La omnisciencia del narrador triunfa sobre las emociones. Es este un dios sin gritos, sin lágrimas, sin risas, es este un dios que se limita a redactar los hechos sobre papel blanco, como quien contabiliza números y no emociones, es este un dios que vive en los pasillos del teatro, que acomoda a los espectadores en sus butacas y les entrega un programa de mano donde todo, donde cada detalle, está explicado hasta en su mínima proporción.

La superposición de planos narrativos ayuda, quién lo duda, a que este relato dinamice su arquitectura textual. Si bien no es un triunfo, podría decirse que el autor ha tenido el buen tino de mostrar primero un plano carente de emociones, y luego otro que detalla, desde la segunda persona, el drama espiritual de esta bailarina. Pasado y presente dinamizan la acción, disponen una estera de posibilidades que quizás peque de ser demasiado explícita pero que, después de todo, otorga una cierta hondura a un cuento que, de otra manera, hubiera quedado atrapado en los valles de la mansedumbre.

Es en este segundo plano, en esta segunda instancia de la dramatización que escoge el presente como su tiempo, que ocurre todo lo que es reseñable en el relato. Señalo el uso de la memoria emotiva como un recurso expresivo que le permite a su joven autor abundar en los detalles del pasado, en esa memoria que se desprende del hallazgo de unas viejas zapatillas de ballet. Cierto que no va a lo profundo, cierto que es un nado en la superficie, pero al menos el narrador se ha adentrado en los mares de la escritura y ha lanzado la brazada en pos de un objetivo que aún se percibe lejano en su horizonte de posibilidades.

Se hace indispensable destacar que la historia, si bien no cae en los agujeros simbólicos del lugar común, sí se para en el borde de su precipicio. La lesión de una bailarina, sus sueños frustrados, su imposibilidad de volver a la escena, sus continuos rebordes de memoria hacia ese pasado que ya nunca volverá son temas que, una y otra vez, se han abordado de muchísimas maneras tanto en el cine como en la televisión y la literatura. No se trata —nuevamente hago la salvedad— de encontrar el tema que nunca haya sido tocado, sino de lograr dar el giro, la pirueta, el equilibrio sobre puntas que permita que personaje y autor hagan un pas de deux meritorio. Buscar el golpe de efecto por el efecto en sí no es el objetivo.

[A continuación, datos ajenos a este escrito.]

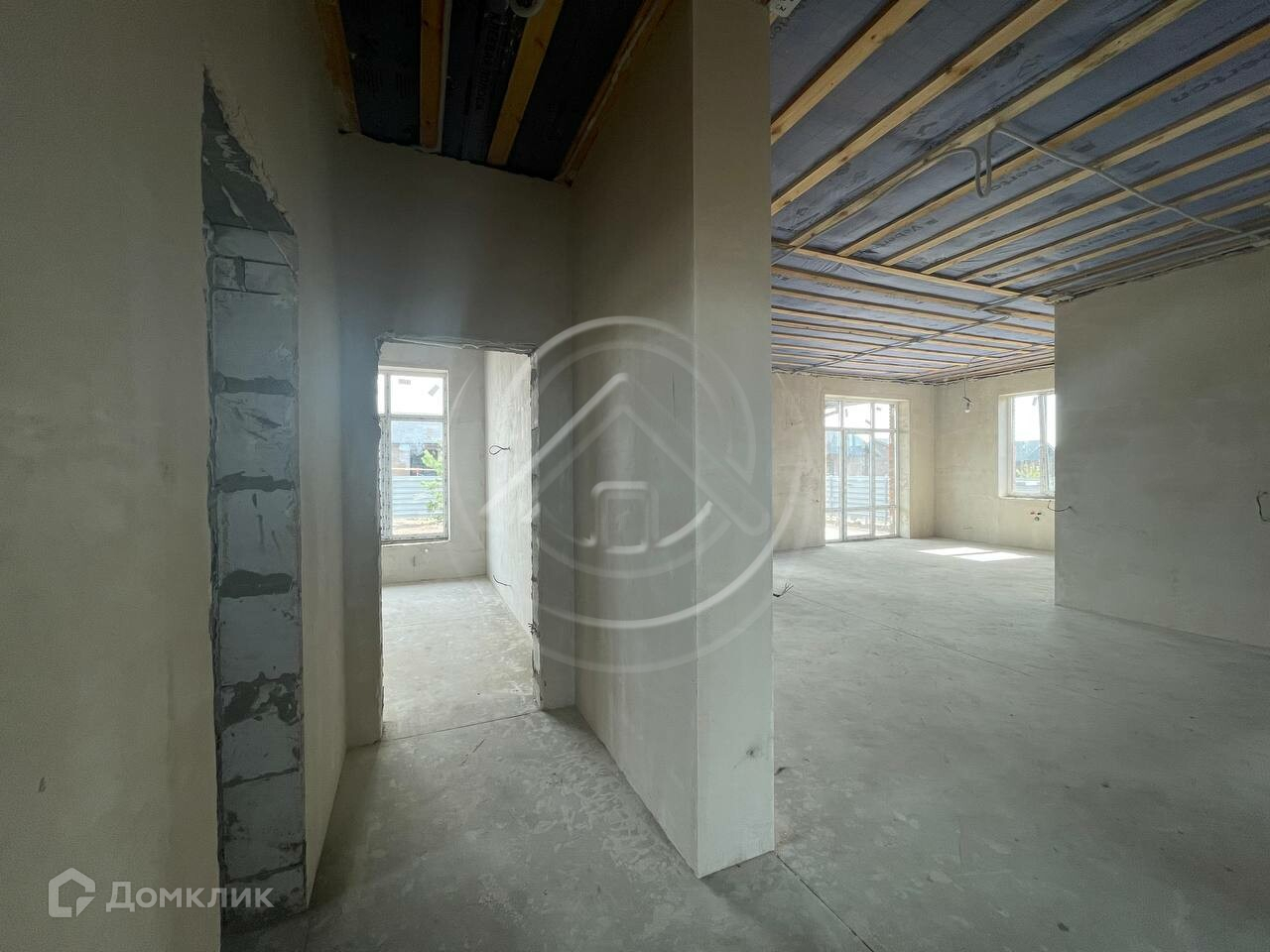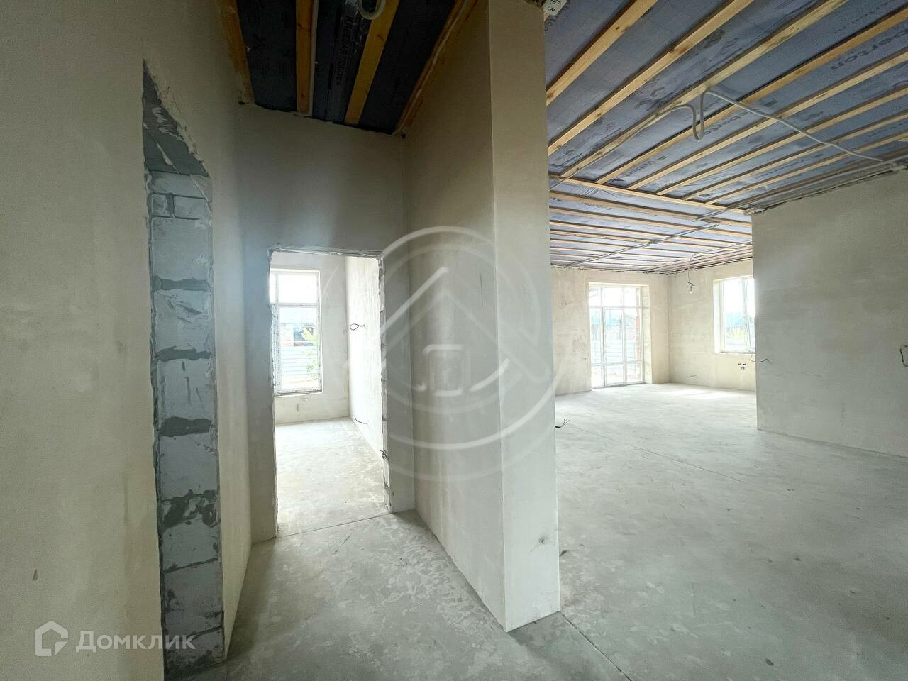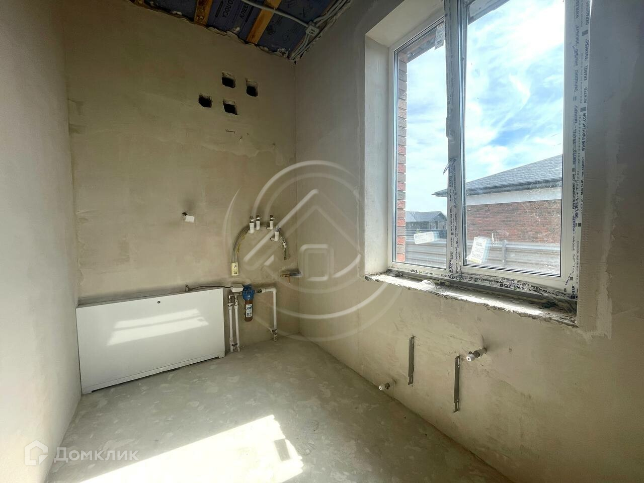 Внутренняя отделка: стены поштукатурены и зашпаклеваны, полусухая стяжка пола, разводка точек водоснабжения и канализации, система отопления теплый пол, разводка электричества по дому. Установлен двухконтурный котел.

Hablamos de que, en la construcción simbólica de una realidad otra, es preciso desarrollar un punto de partida que, aunque pueda tributar temáticamente a otras realidades ya abordadas con anterioridad, sí sea capaz de encontrar aquella zona del escenario que le pertenezca por completo. Es ahí donde el mapeo, el ojo claro del autor y su capacidad de selección bailan su variación más perfecta.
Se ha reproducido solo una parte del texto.